___ MATERIAL PROVIDED ___
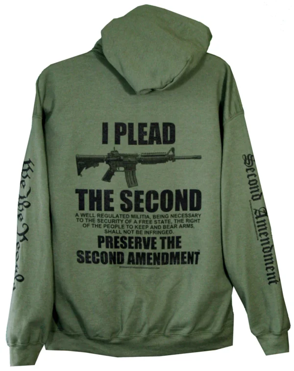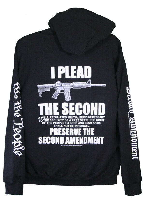 Don’t Plead the the Fifth, PLEAD THE SECOND!!! This Hoodie makes a great statement. Flex your Second Amendment rights! The graphic displays our original drawing of an AR-15 rifle, and it is paired with the quote: “I PLEAD THE SECOND”. That is followed by the entire wording of the Second Amendment, and below that it says proudly: “PRESERVE THE SECOND AMENDMENT”. Down the left sleeve is written: “WE THE PEOPLE”, and down the right sleeve is written: “PRESERVE THE SECOND AMENDMENT”. Any supporter of the Second Ammendment, Freedom, and Liberty is sure to love this Hoodie.
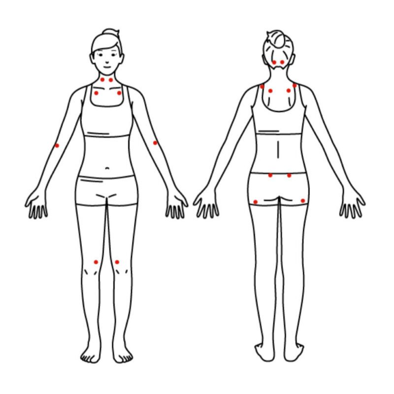 線維筋痛症確立された18か所の圧痛点のうちに約4 kgの力 (親指の爪床が白くなるくらいの圧力)で指で押圧すると、11か所以上に圧痛が見られれば陽性。
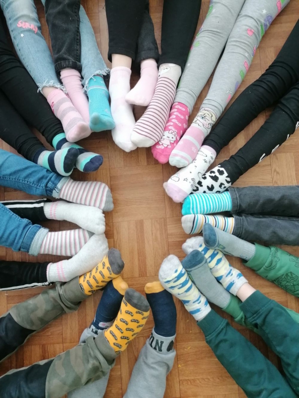 Pierwszy dzien wiosny to także data związana z corocznymi obchodami Światowego Dnia Osób z Zespołem Downa. Klasa 1 a ubrała tego dnia dwie różne skarpetki, co symbolizuje solidarność z tymi wyjątkowymi osobami. Nie brakło również rozmów na temat niepełnosprawności, trudności z jakimi mierzą się osoby z ZD a także potrzeby akceptacji w środowisku.
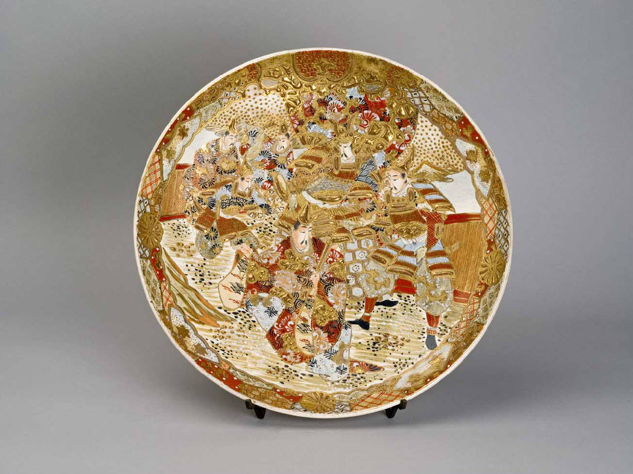 - NOTIZIE STORICO CRITICHE Stile Satsuma, realizzato in epoca Meiji (1868-1912), tra la fine del XIX e l'inizio del XX secolo. Il piatto, definito allora "un piatto Satsuma moderno", fu donato dal commendator Achille Bertarelli il 31 dicembre 1929; gli era pervenuto come legato dalla signora N.D. Angela Pecchio Ghiringhelli (v. BIB).
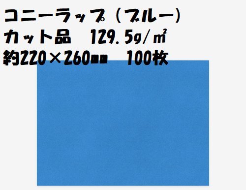 コニーラップ(ブルー)約220×260mm(必要なサイズにカットした残りですので約とつけております) 100枚分類 ペラ紙厚さ 129.5g/m2カラーバリエーションが豊富なコニーラップ。 深みのあるキレイなブルー!封筒などにも使われる、濃い色のカラークラフト紙です。 環境負荷の少ない無塩素漂白パルプを主な材料としています。 鮮やかで深みのある色彩展開も大きな魅力です。原色に近いはっきりとした色が印象的な、カラークラフト紙です。他のクラフト紙と同様に、紙も丈夫なので、マチ付き封筒や大きな封筒にも仕様されています。ざらっとした質感もクラフト紙の特徴です。当店では紙手提げを作るのに仕入れました。しっかりした材質ですので、ハンドメイドにもおすすめです。
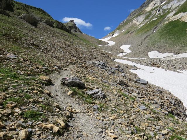 bei Punkt 2144 m.ü.M. geht es danach rechts in das kleine Tälchen von Taves du Dolent
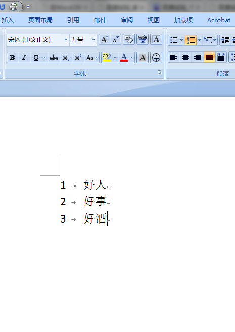 6、回车时候,产生的是一级编号,当您不想要一级编号时候,可以按一下tab键,就变成了二级,再按一次为3级,以此类推
___
• _PROBLEM TO WORK ON_:
What is needed is every line of the data above, set down exactly but with the images left out.

• _EXERCISE ANSWER_:
 Don’t Plead the the Fifth, PLEAD THE SECOND!!! This Hoodie makes a great statement. Flex your Second Amendment rights! The graphic displays our original drawing of an AR-15 rifle, and it is paired with the quote: “I PLEAD THE SECOND”. That is followed by the entire wording of the Second Amendment, and below that it says proudly: “PRESERVE THE SECOND AMENDMENT”. Down the left sleeve is written: “WE THE PEOPLE”, and down the right sleeve is written: “PRESERVE THE SECOND AMENDMENT”. Any supporter of the Second Ammendment, Freedom, and Liberty is sure to love this Hoodie.
 線維筋痛症確立された18か所の圧痛点のうちに約4 kgの力 (親指の爪床が白くなるくらいの圧力)で指で押圧すると、11か所以上に圧痛が見られれば陽性。
 Pierwszy dzien wiosny to także data związana z corocznymi obchodami Światowego Dnia Osób z Zespołem Downa. Klasa 1 a ubrała tego dnia dwie różne skarpetki, co symbolizuje solidarność z tymi wyjątkowymi osobami. Nie brakło również rozmów na temat niepełnosprawności, trudności z jakimi mierzą się osoby z ZD a także potrzeby akceptacji w środowisku.
 - NOTIZIE STORICO CRITICHE Stile Satsuma, realizzato in epoca Meiji (1868-1912), tra la fine del XIX e l'inizio del XX secolo. Il piatto, definito allora "un piatto Satsuma moderno", fu donato dal commendator Achille Bertarelli il 31 dicembre 1929; gli era pervenuto come legato dalla signora N.D. Angela Pecchio Ghiringhelli (v. BIB).
 コニーラップ(ブルー)約220×260mm(必要なサイズにカットした残りですので約とつけております) 100枚分類 ペラ紙厚さ 129.5g/m2カラーバリエーションが豊富なコニーラップ。 深みのあるキレイなブルー!封筒などにも使われる、濃い色のカラークラフト紙です。 環境負荷の少ない無塩素漂白パルプを主な材料としています。 鮮やかで深みのある色彩展開も大きな魅力です。原色に近いはっきりとした色が印象的な、カラークラフト紙です。他のクラフト紙と同様に、紙も丈夫なので、マチ付き封筒や大きな封筒にも仕様されています。ざらっとした質感もクラフト紙の特徴です。当店では紙手提げを作るのに仕入れました。しっかりした材質ですので、ハンドメイドにもおすすめです。
 bei Punkt 2144 m.ü.M. geht es danach rechts in das kleine Tälchen von Taves du Dolent
 6、回车时候,产生的是一级编号,当您不想要一级编号时候,可以按一下tab键,就变成了二级,再按一次为3级,以此类推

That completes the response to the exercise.